• _PROBLEM TO SOLVE_:
Please set out each line below exactly as it stands, without the images.

(Items from a dataset)
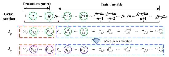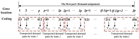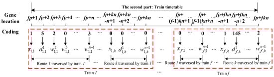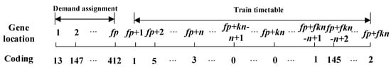 To code the chromosome in GA, the variables are divided into two parts. Transport demand assignment is the first part of the chromosome shown in Figure 3. Each train occupies p genes to transport the demand pairs as much as possible. Furthermore, variables of train routing, departure time at the first station and dwell time at the intermediate stations are the second part of the chromosome shown in Figure 4 to represent a train timetable. Each train has k routes available to traverse, but it can only choose one of them. is a binary variable that represents whether train f traverses on route k. represents the departure time at station m (m = 1,…, n, n is the number of traversed stations) when train f traverses on route k and represents the dwell time at station m. Both of these two parts compose an individual in GA shown in Figure 5.
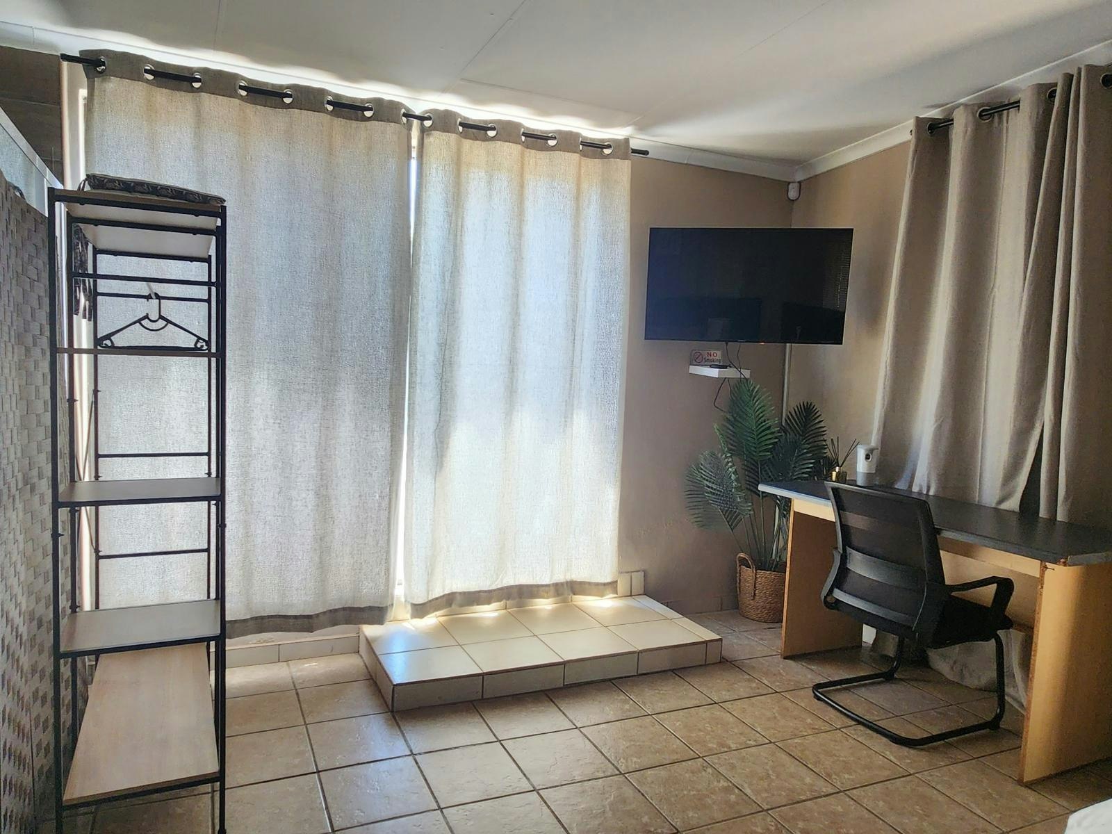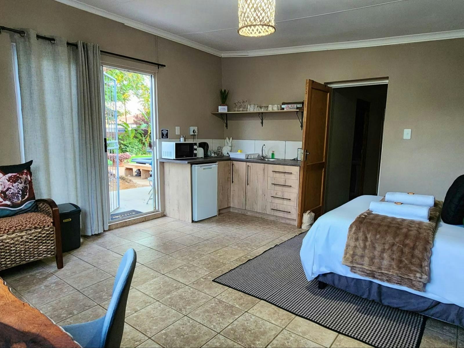 Buite kan gaste ontspan in die welige tuine, kompleet met 'n braai-area en sitplek. Veilige parkering is beskikbaar dwarsdeur die verblyf. Vir diegene wat wil verken, is Mokala Mall net 1.7 km weg, en die Oog van Kuruman is 3.5 km vanaf die kothuis.
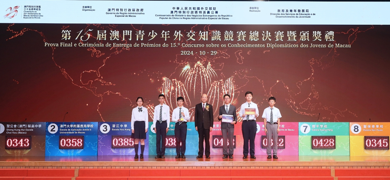 适逢中华人民共和国成立75周年、澳门特别行政区成立25周年,由澳门特别行政区政府与中华人民共和国外交部驻澳门特别行政区特派员公署主办、教育及青年发展局承办的第15届澳门青少年外交知识竞赛总决赛暨颁奖礼于10月29日成功举行。竞赛综合考验参赛学生对习近平外交思想、中国特色大国外交、涉澳外交、外交史、外交常识、时政热点等的掌握和运用,得到特区社会各界广泛支持。本届参与的学校共37所,学生人数达 9,000人,由推广赛、初赛到脱颖而出进入总决赛的8支队伍,经过一轮紧张的外交知识较量,最终获得冠军的是教业中学,亚军、季军和殿军的队伍分别是镜平学校、劳校中学、濠江中学,获优异奖的是:澳门大学附属应用学校、圣保禄学校、圣公会(澳门)蔡高中学、澳门坊众学校。
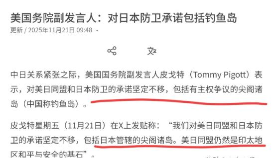 美国首次出来回应了!对于中日博弈,11月21日,美国务院副发言人皮戈特表示,对美日同盟和日本防卫的承诺坚定不移,包括有主权争议的钓鱼岛。我们坚决反对任何单方面改变台湾海峡、东海或南海现状的企图,包括使用武力或胁迫手段。很显然,美国方面的这一表态,这是高市早苗发表恶劣言论之后,美国首次表达的公开挺日本的信号。 很显然,在美国方面看来,高市早苗的挑衅根本不是什么问题,美国反而表达了要通过美日同盟对我们施压,并对我们打台湾牌的意图。在我们看来,这说明什么呢?美国此举现在让我们完全有理由相信,中美贸易战暂停之后,美国一定与高市早苗进行了协调,妄图通过打台湾牌获取新的筹码。 而美国选在这个时间点发声绝非偶然,高市早苗之前敢在敏感问题上大放厥词,背后必然有美国的默许甚至纵容。中美贸易战按下暂停键后,美国政客们没闲着,转头就和日本右翼眉来眼去,想在东亚方向搞出新动作。他们以为这样能让中国让步,却忘了中国早就看透了这套两面三刀的把戏。 其实美日之间的协调痕迹随处可见,2025年4月,美日菲三国领导人就发表过联合声明,特意强调所谓“台海和平稳定的重要性”。紧接着日本海上保安厅就和台湾海巡署搞了首次联合训练,把干涉台海事务的心思摆到了台面上。美国对此全程装聋作哑,现在还跳出来给日本站台,这背后的猫腻傻子都能看明白。 美国打台湾牌的套路也越来越明显,2025年2月美国就悄悄解冻了8.7亿美元对台安全援助,还计划把70到100亿美元的武器打包卖给台当局。这些武器装备名义上是“增强防御能力”,实际上就是在给“台独”势力壮胆,想让台湾成为牵制中国的棋子。皮戈特的表态更是把这层窗户纸捅破,明着告诉外界美国要靠美日同盟给中国添堵。 更可笑的是美国嘴上喊着“反对改变现状”,自己却在不断破坏现状。钓鱼岛及其附属岛屿是中国固有领土,这是有充分历史和法理依据的事实。中国海警船在相关海域开展巡逻执法,完全是维护主权的正当行为,却被美国和日本倒打一耙说成“挑衅”。台湾海峡两岸同属一个中国,这一现状更是不容任何外部势力干涉,美国却频频给“台独”势力递刀子,这种双重标准简直令人不齿。 日本跟着美国起舞也没占到任何便宜。高市早苗的恶劣言论已经遭到两岸同胞的共同唾弃,日本想借美国之力觊觎钓鱼岛,纯属白日做梦。中国外交部早就明确表态,针对任何损害领土主权的挑衅行动,中国都会采取一切必要措施坚决应对。2025年解放军开展的“海峡雷霆—2025A”环台军事演习,已经充分展示了维护国家统一的坚定决心和强大能力。 美国以为联合日本打台湾牌就能拿捏中国,其实根本找错了方向。中美贸易战的教训已经告诉美国,中国不是可以随意施压的对象。现在美国又想在台海、东海问题上故技重施,只会让中国更加坚定地维护自身主权和领土完整。 周边国家也看得很清楚,美国的介入只会让地区局势更加紧张。大多数亚洲国家都希望台海保持和平稳定,毕竟地区和平直接关系到它们的发展利益。欧盟国家虽然偶尔会跟着美国说几句场面话,但没人愿意真的卷入冲突。广大发展中国家更是坚定支持中国维护主权,呼吁通过和平方式解决争端。 美国这波操作说白了就是黔驴技穷。贸易战没占到便宜,就想换个战场给中国施压。可中国的主权和领土完整不容侵犯,这是底线问题没有任何商量余地。美日之间的勾连协调,只会让中国更加警惕,也会让国际社会看清美国搅乱地区和平的真实面目。 到头来美国只会发现,自己费尽心机搞的这些小动作,根本影响不了中国的发展步伐。反而会让美日同盟背上破坏地区稳定的骂名,让“台独”势力更加疯狂地走向毁灭。中国会继续按照自己的节奏,坚定维护国家主权和领土完整,任何外部势力的干涉都注定会失败。
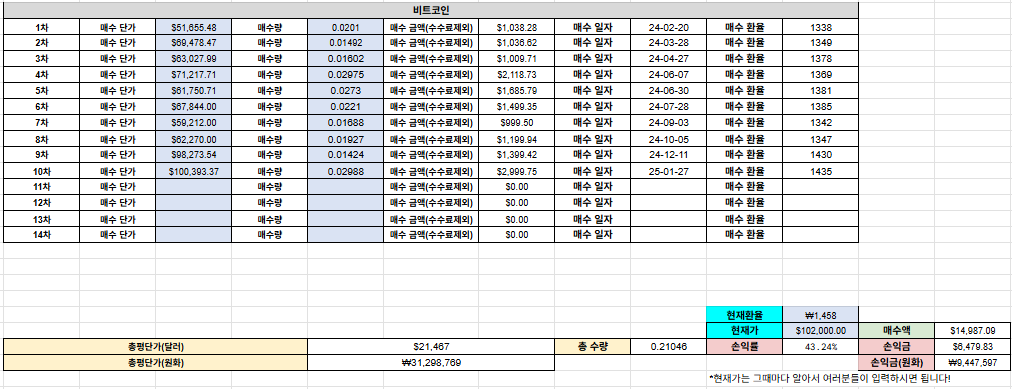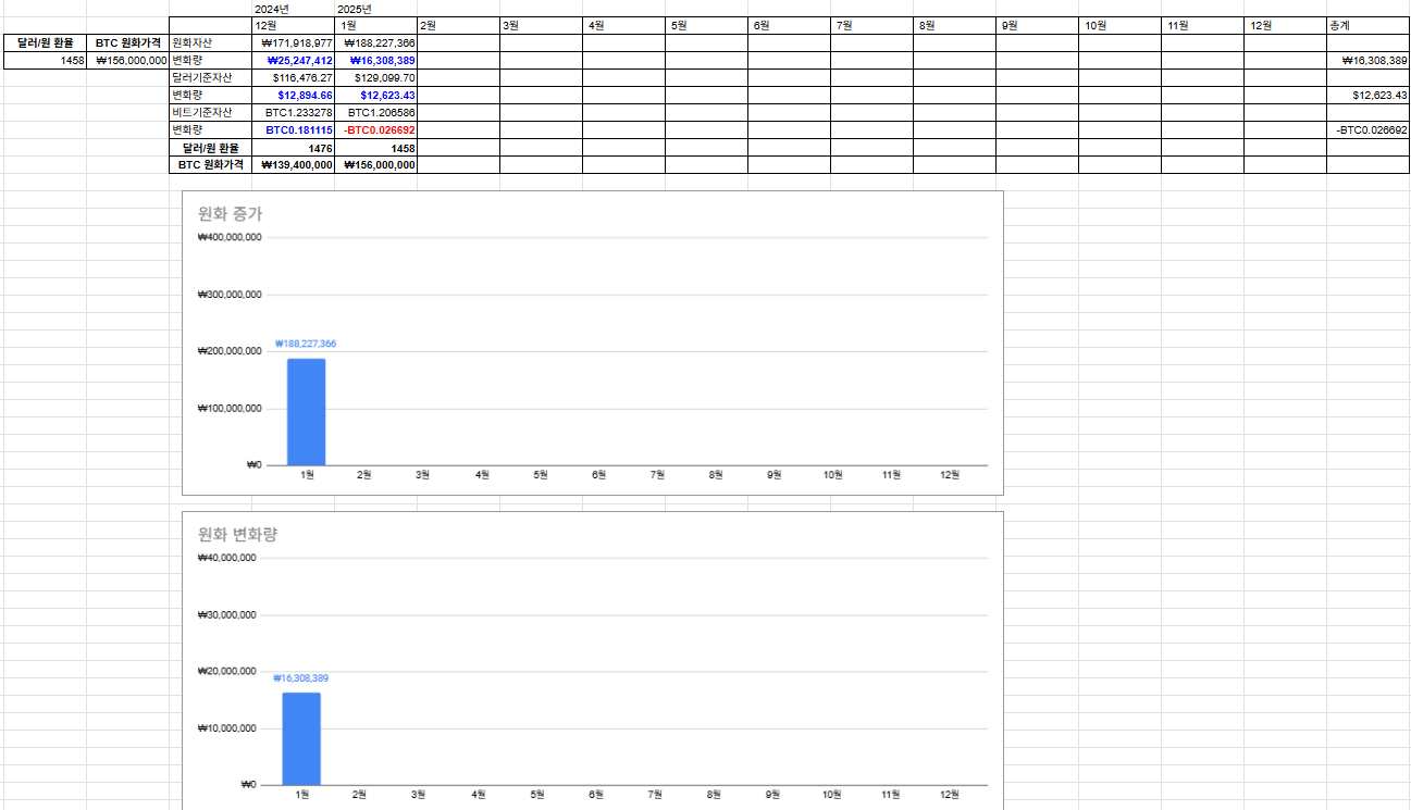 아무튼 25년이 되고 출발이 좋습니다. 자산도 거의 1.8억이 되었고 비트코인 DCA상황도 나쁘지않습니다. 이번엔 좀 과감하게 3000달러정도를 샀는데요 빨리 모으고싶네요
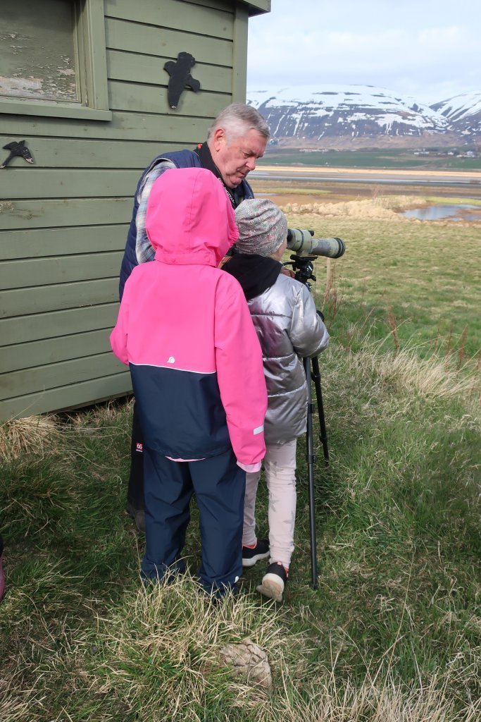 Fyrsta barna- og fjölskylduferð ársins var 19. maí kl. 17. Fyrirhugað var að fara í Naustaborgir en sökum framkvæmda þar þá var lítið að sjá. Því var farið að Kristnestjörn í Eyjafirði. Þrátt fyrir frekar kalsalegt veður þá mættu 14 börn með foreldrum sínum eða afa og ömmu. Jón Magnússon og Sverrir Thorstensen sáu um að fræða börnin um fluglana sem sáust og benda þeim á áhugaverða fugla. Foreldrar og afar og ömmur voru ekki síður spennt. Jón og Sverrir voru með sérstaka sjónauka til að skoða fugla og þótti börnunum það spennandi. Mörg barnanna skráðu hjá sér hvaða fuglategundir þeir sáu. Við þökkum Jóni og Sverri fyrir skemmtilega ferð. Myndir Þorgerður Sigurðardóttir og Fjóla Kristín Helgadóttir..
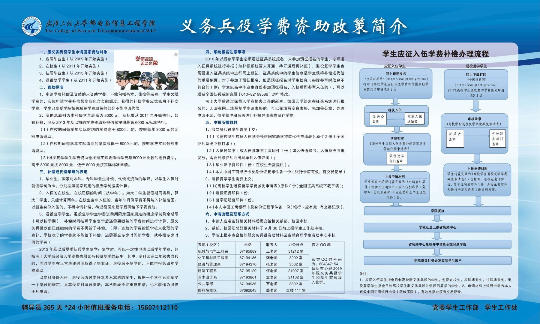 4、服义务兵役资助每年办理一次,请申请人和各系部、校区合理安排材料提交时间,以免材料审核不通过而错过今年上报机会。
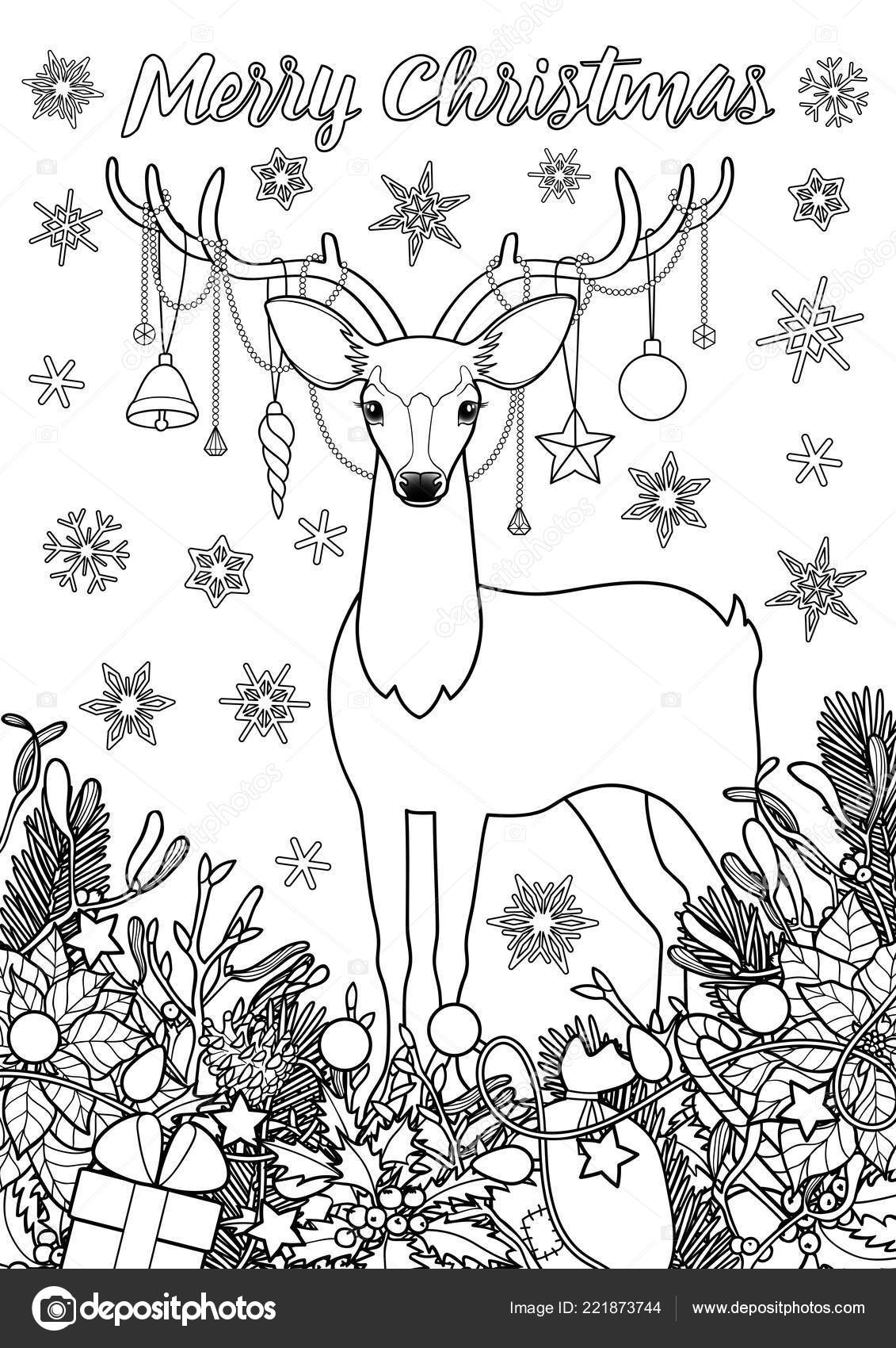 Free Drawing Coloring Christmas Reindeer Decorating A Tree

• _EXERCISE RESULT_:
 To code the chromosome in GA, the variables are divided into two parts. Transport demand assignment is the first part of the chromosome shown in Figure 3. Each train occupies p genes to transport the demand pairs as much as possible. Furthermore, variables of train routing, departure time at the first station and dwell time at the intermediate stations are the second part of the chromosome shown in Figure 4 to represent a train timetable. Each train has k routes available to traverse, but it can only choose one of them. is a binary variable that represents whether train f traverses on route k. represents the departure time at station m (m = 1,…, n, n is the number of traversed stations) when train f traverses on route k and represents the dwell time at station m. Both of these two parts compose an individual in GA shown in Figure 5.
 Buite kan gaste ontspan in die welige tuine, kompleet met 'n braai-area en sitplek. Veilige parkering is beskikbaar dwarsdeur die verblyf. Vir diegene wat wil verken, is Mokala Mall net 1.7 km weg, en die Oog van Kuruman is 3.5 km vanaf die kothuis.
 适逢中华人民共和国成立75周年、澳门特别行政区成立25周年,由澳门特别行政区政府与中华人民共和国外交部驻澳门特别行政区特派员公署主办、教育及青年发展局承办的第15届澳门青少年外交知识竞赛总决赛暨颁奖礼于10月29日成功举行。竞赛综合考验参赛学生对习近平外交思想、中国特色大国外交、涉澳外交、外交史、外交常识、时政热点等的掌握和运用,得到特区社会各界广泛支持。本届参与的学校共37所,学生人数达 9,000人,由推广赛、初赛到脱颖而出进入总决赛的8支队伍,经过一轮紧张的外交知识较量,最终获得冠军的是教业中学,亚军、季军和殿军的队伍分别是镜平学校、劳校中学、濠江中学,获优异奖的是:澳门大学附属应用学校、圣保禄学校、圣公会(澳门)蔡高中学、澳门坊众学校。
 美国首次出来回应了!对于中日博弈,11月21日,美国务院副发言人皮戈特表示,对美日同盟和日本防卫的承诺坚定不移,包括有主权争议的钓鱼岛。我们坚决反对任何单方面改变台湾海峡、东海或南海现状的企图,包括使用武力或胁迫手段。很显然,美国方面的这一表态,这是高市早苗发表恶劣言论之后,美国首次表达的公开挺日本的信号。 很显然,在美国方面看来,高市早苗的挑衅根本不是什么问题,美国反而表达了要通过美日同盟对我们施压,并对我们打台湾牌的意图。在我们看来,这说明什么呢?美国此举现在让我们完全有理由相信,中美贸易战暂停之后,美国一定与高市早苗进行了协调,妄图通过打台湾牌获取新的筹码。 而美国选在这个时间点发声绝非偶然,高市早苗之前敢在敏感问题上大放厥词,背后必然有美国的默许甚至纵容。中美贸易战按下暂停键后,美国政客们没闲着,转头就和日本右翼眉来眼去,想在东亚方向搞出新动作。他们以为这样能让中国让步,却忘了中国早就看透了这套两面三刀的把戏。 其实美日之间的协调痕迹随处可见,2025年4月,美日菲三国领导人就发表过联合声明,特意强调所谓“台海和平稳定的重要性”。紧接着日本海上保安厅就和台湾海巡署搞了首次联合训练,把干涉台海事务的心思摆到了台面上。美国对此全程装聋作哑,现在还跳出来给日本站台,这背后的猫腻傻子都能看明白。 美国打台湾牌的套路也越来越明显,2025年2月美国就悄悄解冻了8.7亿美元对台安全援助,还计划把70到100亿美元的武器打包卖给台当局。这些武器装备名义上是“增强防御能力”,实际上就是在给“台独”势力壮胆,想让台湾成为牵制中国的棋子。皮戈特的表态更是把这层窗户纸捅破,明着告诉外界美国要靠美日同盟给中国添堵。 更可笑的是美国嘴上喊着“反对改变现状”,自己却在不断破坏现状。钓鱼岛及其附属岛屿是中国固有领土,这是有充分历史和法理依据的事实。中国海警船在相关海域开展巡逻执法,完全是维护主权的正当行为,却被美国和日本倒打一耙说成“挑衅”。台湾海峡两岸同属一个中国,这一现状更是不容任何外部势力干涉,美国却频频给“台独”势力递刀子,这种双重标准简直令人不齿。 日本跟着美国起舞也没占到任何便宜。高市早苗的恶劣言论已经遭到两岸同胞的共同唾弃,日本想借美国之力觊觎钓鱼岛,纯属白日做梦。中国外交部早就明确表态,针对任何损害领土主权的挑衅行动,中国都会采取一切必要措施坚决应对。2025年解放军开展的“海峡雷霆—2025A”环台军事演习,已经充分展示了维护国家统一的坚定决心和强大能力。 美国以为联合日本打台湾牌就能拿捏中国,其实根本找错了方向。中美贸易战的教训已经告诉美国,中国不是可以随意施压的对象。现在美国又想在台海、东海问题上故技重施,只会让中国更加坚定地维护自身主权和领土完整。 周边国家也看得很清楚,美国的介入只会让地区局势更加紧张。大多数亚洲国家都希望台海保持和平稳定,毕竟地区和平直接关系到它们的发展利益。欧盟国家虽然偶尔会跟着美国说几句场面话,但没人愿意真的卷入冲突。广大发展中国家更是坚定支持中国维护主权,呼吁通过和平方式解决争端。 美国这波操作说白了就是黔驴技穷。贸易战没占到便宜,就想换个战场给中国施压。可中国的主权和领土完整不容侵犯,这是底线问题没有任何商量余地。美日之间的勾连协调,只会让中国更加警惕,也会让国际社会看清美国搅乱地区和平的真实面目。 到头来美国只会发现,自己费尽心机搞的这些小动作,根本影响不了中国的发展步伐。反而会让美日同盟背上破坏地区稳定的骂名,让“台独”势力更加疯狂地走向毁灭。中国会继续按照自己的节奏,坚定维护国家主权和领土完整,任何外部势力的干涉都注定会失败。
 아무튼 25년이 되고 출발이 좋습니다. 자산도 거의 1.8억이 되었고 비트코인 DCA상황도 나쁘지않습니다. 이번엔 좀 과감하게 3000달러정도를 샀는데요 빨리 모으고싶네요
 Fyrsta barna- og fjölskylduferð ársins var 19. maí kl. 17. Fyrirhugað var að fara í Naustaborgir en sökum framkvæmda þar þá var lítið að sjá. Því var farið að Kristnestjörn í Eyjafirði. Þrátt fyrir frekar kalsalegt veður þá mættu 14 börn með foreldrum sínum eða afa og ömmu. Jón Magnússon og Sverrir Thorstensen sáu um að fræða börnin um fluglana sem sáust og benda þeim á áhugaverða fugla. Foreldrar og afar og ömmur voru ekki síður spennt. Jón og Sverrir voru með sérstaka sjónauka til að skoða fugla og þótti börnunum það spennandi. Mörg barnanna skráðu hjá sér hvaða fuglategundir þeir sáu. Við þökkum Jóni og Sverri fyrir skemmtilega ferð. Myndir Þorgerður Sigurðardóttir og Fjóla Kristín Helgadóttir..
 4、服义务兵役资助每年办理一次,请申请人和各系部、校区合理安排材料提交时间,以免材料审核不通过而错过今年上报机会。
 Free Drawing Coloring Christmas Reindeer Decorating A Tree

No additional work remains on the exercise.